I hate seeing him like this. I’m used to Mom’s emotions but Kris is usually so put together that it hurts to see him looking as broken as I feel. We’re supposed to be the rational ones, piecing Mom back together when she falls apart, but now she’s the one standing in front of us with the glue.

It’s only when they start talking about the next steps that I reach my limit. I can’t sit there and listen as Mom and Kris decide what to do with Dad’s remains, when business takes over. We’ve had so long to think about this but we never did, and it kills me when Kris talks about flying back alone to cremate Dad and bring his ashes here.

“I need to go,” I say, almost tripping over my chair when I push it back. Mom nods and squeezes my arm and pulls me into another hug, and I manage to hold myself together this time.

“Are you going next door?”

I am. I need to see Gray. There’s nothing he can say, really, but I think I need to be distracted right now, even if I just sit there and listen to him rant about the essay that I’m pretty sure I’ll never finish now.

“If Tad’s around…” She trails off but I know what she wants.

“I’ll send him over,” I say, and she gives me a warm smile, her gratitude evident in her pink cheeks and the brightness behind her tearful eyes.

I let myself into the house next door. We’re always in and out of each other’s houses so much that I don’t think to knock, and both Tad and Gray jump when I walk into the living room while they’re watching a film together.
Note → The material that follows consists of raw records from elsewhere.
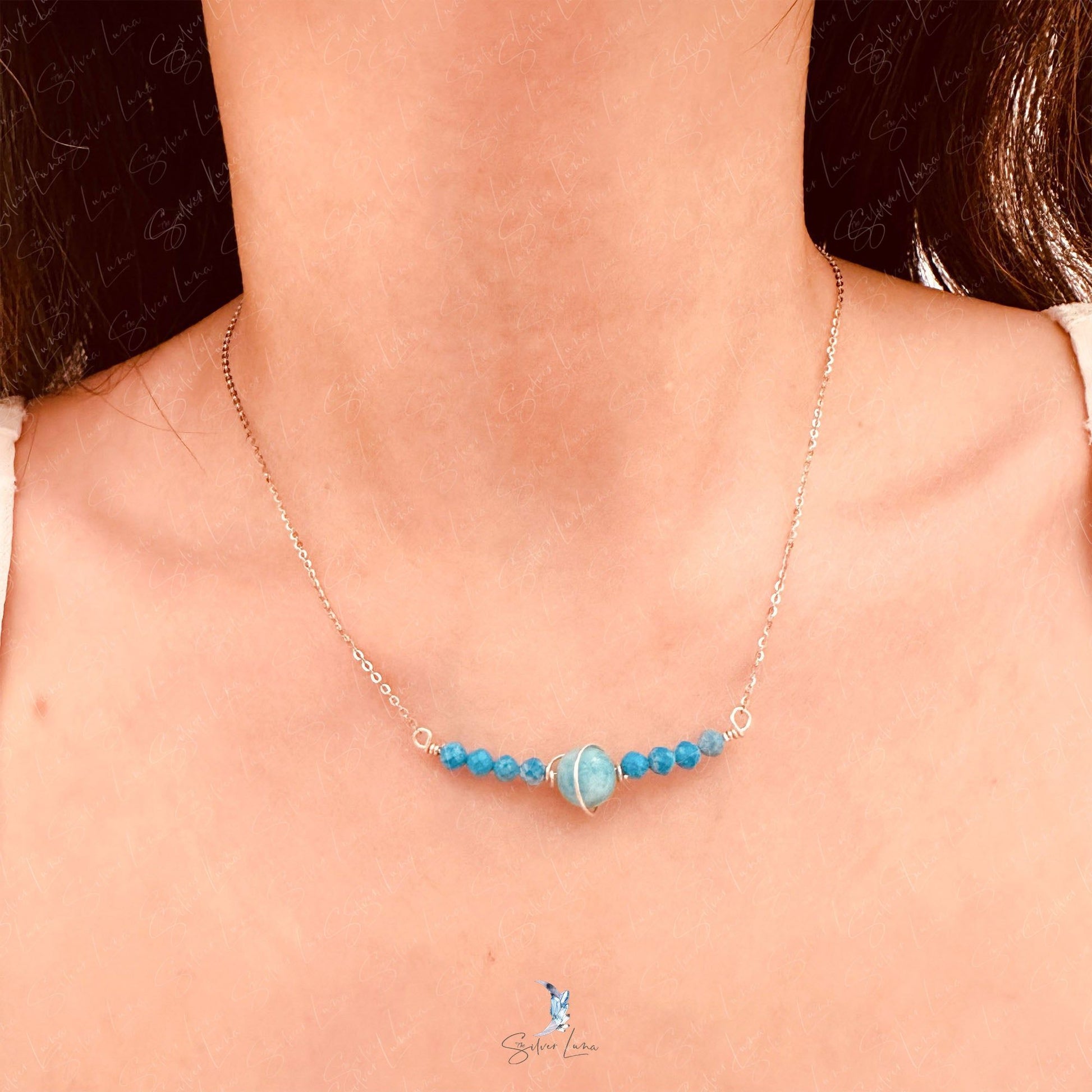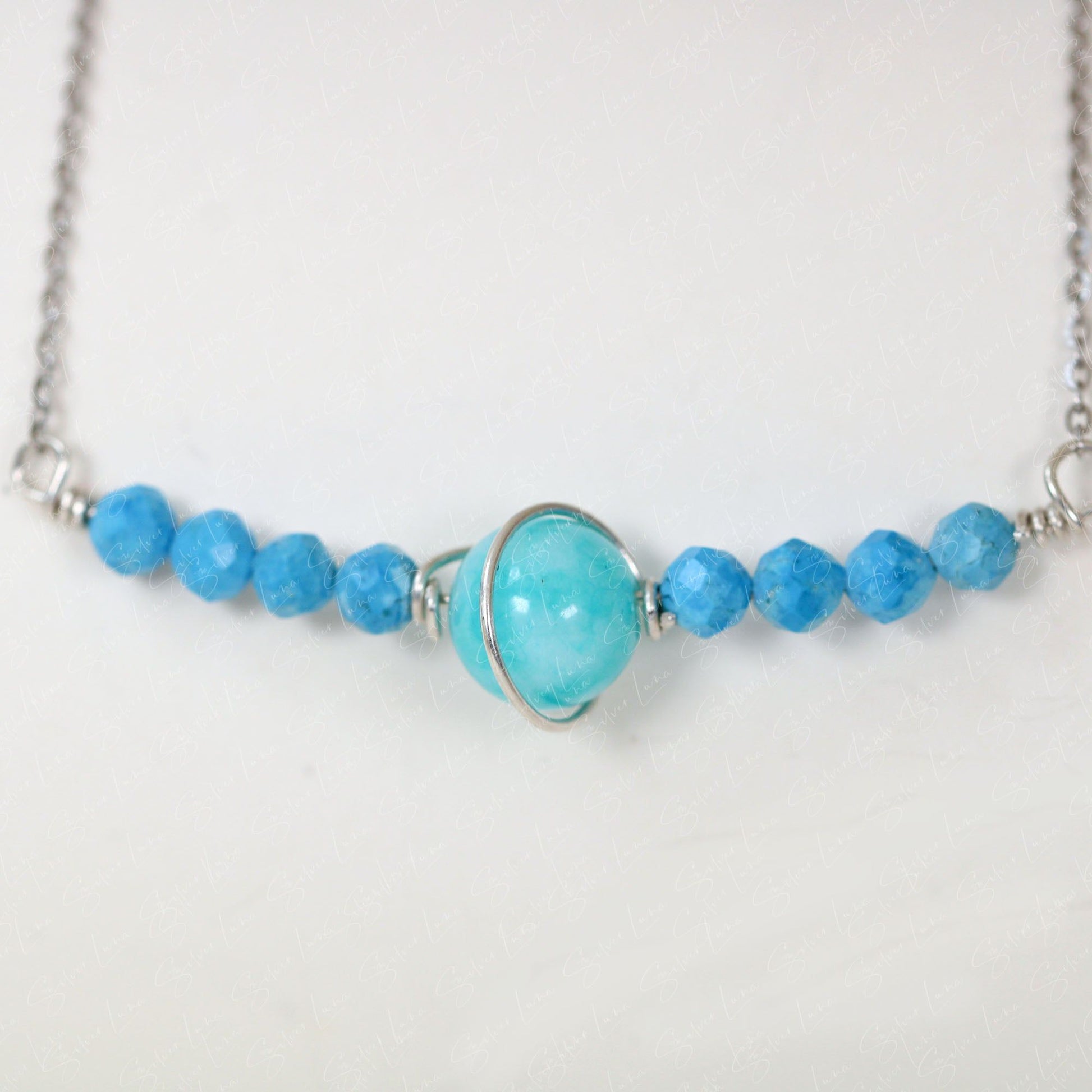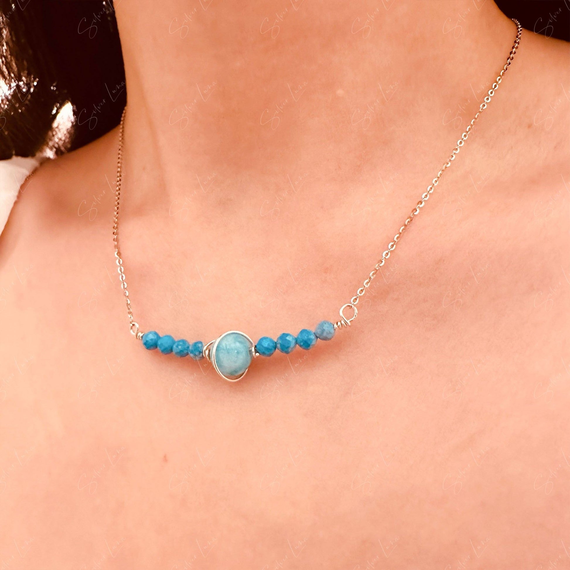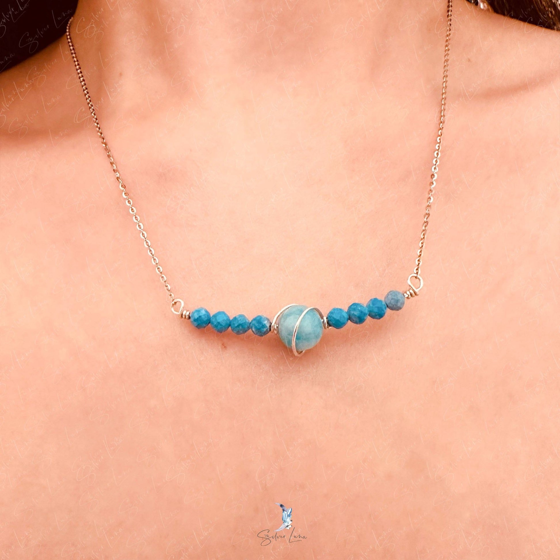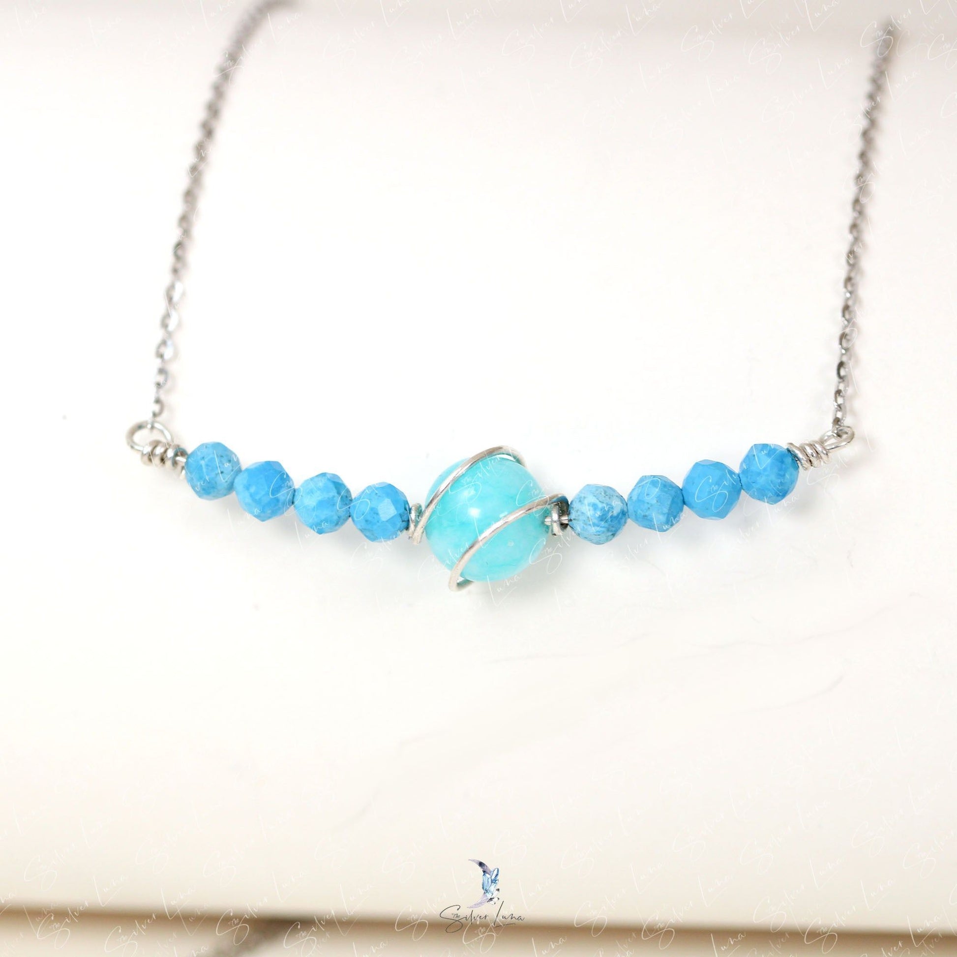 Indulge in the captivating beauty of this handcrafted pendant necklace, adorned with a striking Amazonite jade bead as its centerpiece, delicately wrapped in spiral silver wire and accented with dainty faceted turquoise beads. Suspended on a 925 sterling silver cable chain, every aspect of this piece exudes sophistication and elegance. Crafted entirely from 925 sterling silver, indulge in the luxury of this unique and natural stone necklace.
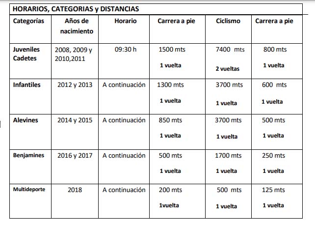 - El control de material y entrada a la transición será de 8:30h a 9:15h para las categorías Juveniles, Cadete e Infantil, y hasta 15 minutos antes de la prueba para el resto de categorías.
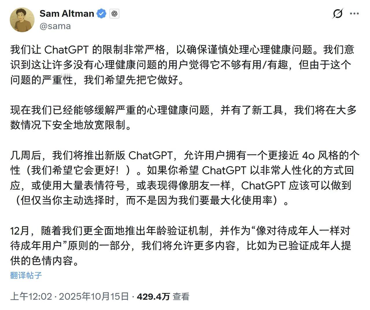 AI要被用来搞黄色,奥特曼终于不装了,ChatGPT将提供成人颜色内容。OpenAI老板奥特曼正式宣布,今年12月将推出一个支持成人主题对话内容的ChatGPT版本,包括颜色内容,仅限于通过验证的成人使用。果不其然,不少人担心的事还是发生了。 自从去年OpenAI火出天际,全球AI产业一夜迈入新时代后,没有任何技术认知的普通人,也能轻松做出各种以假乱真的图片或视频,更不用说什么明星换脸、一键脱衣全都能轻松搞定。所以这两年行业内一直面临一大难题,就是如何规范AI工具的使用,对那些打着AI名义搞黄色捞偏门的歹人,也缺乏足够的震慑惩治。 国内因为情况特殊,AI颜色内容尚且可控,国外不管是OpenAI还是马首付的xAI都早已沦为成人颜色的修罗场,以前搞黄网和色APP的人,想方设法把战场迁移到了这些大火的AI平台上。有了AI的助力,这批人继续大发横财,却把激增的AI服务器成本压力扔给了平台。 终于大佬奥特曼不干了,既然清不掉还打不过,那就干脆直接加入好了,有钱一块赚。尤其是成瘾性最广泛的全球颜色产业,每日的资金流水难以想象,一向以利润为导向的OpenAI,自然更不想放过。就算奥特曼表示会设置验证程序,不过只是给自己挣钱找块遮羞布罢了,这种东西要是能挡得住那些小色胚,黄产怕是早喝西北风了。

Gray shoots to his feet to hug me. Tad stands a little slower.

“How’re you holding up?” he asks, his voice low.

“Holding up,” I say, because I can’t say that I’m ok or that it’s ok, and I don’t want to say that I’m not ok. I am holding up, after all. “Kris is here now. And Mom wants to see you.”

Once he’s gone and Gray and I are alone, I drop onto the sofa with a heavy sigh and flop onto my back. I feel as though I need to sleep for a week, and drink a couple gallons of water to rehydrate myself.

“Dad told me what happened,” Gray says. He perches on the edge of the sofa. “I’m so sorry, Storie. I … I wish I knew what to say.”

“Me too,” I say. “You don’t need to say anything.” I struggle to sit up and I sink against Gray, our shoulders pressed together. “It’s over now, at least. No more wondering.”

“Closure,” he says. “Right?”

“Exactly.” I turn to him, his face so close that it makes me go a bit cross-eyed. “For a second, I thought Dad was alive,” I say. “The police officer looked like him from the back, and Mom looked so calm. I thought it was him.”

“Oh, God. That’s awful.”

“Mmm.”

I can’t explain that feeling, the whiplash of going from one extreme to the other so fast that I’m sure my body went into overdrive and stopped functioning for a few seconds.

“I’m so sorry, Storie,” Gray says. He puts his arm around my shoulders. “I’m glad you know now, though.”

“Me too.”

“D’you want to talk about it?”

“Not yet.”

“Wanna stay here for a bit?”

I nod.

“There’s ice cream in the freezer and chips in the cupboard and Netflix on the TV,” he says. He always knows exactly what to say. “Chickflick, comedy, or trashy horror?”

“Something feelgood,” I say, and he navigates to an old favorite of mine without having to ask. There are some films I can watch over and over and never get sick of them, and Matilda is one of them.

I think Gray knows me better than I do. God knows what I’d do without him.